_INSTRUCTIONS TO FOLLOW_
A verbatim transcript of the data that follows, free of images, is the expected result.

_DATA EXCERPT_
* * *

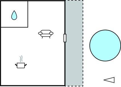 Wohnraum/Küche 18m2 - 2 Schlafmöglichkeiten. (Doppelbett(en)). 1 Schlafmöglichkeit. (Schlafsofa,Matratze,Sonstiges).
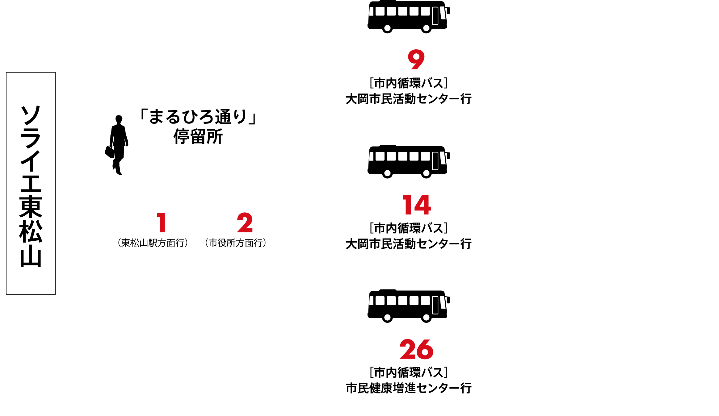 現地間近の「まるひろ通り」停留所(東松山駅方面行:徒歩1分/約30m・市役所方面行:徒歩2分/約100m)から市内循環バスが利用可能。
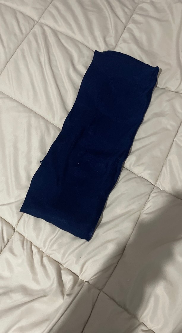 Kadınlar için koyu lacivert renkte, pilili detaylara sahip, yumuşak sentetik kumaştan yapılmış minimalist ve çağdaş tarzda şal.

* * *

_EXERCISE ANSWER_
 Wohnraum/Küche 18m2 - 2 Schlafmöglichkeiten. (Doppelbett(en)). 1 Schlafmöglichkeit. (Schlafsofa,Matratze,Sonstiges).
 現地間近の「まるひろ通り」停留所(東松山駅方面行:徒歩1分/約30m・市役所方面行:徒歩2分/約100m)から市内循環バスが利用可能。
 Kadınlar için koyu lacivert renkte, pilili detaylara sahip, yumuşak sentetik kumaştan yapılmış minimalist ve çağdaş tarzda şal.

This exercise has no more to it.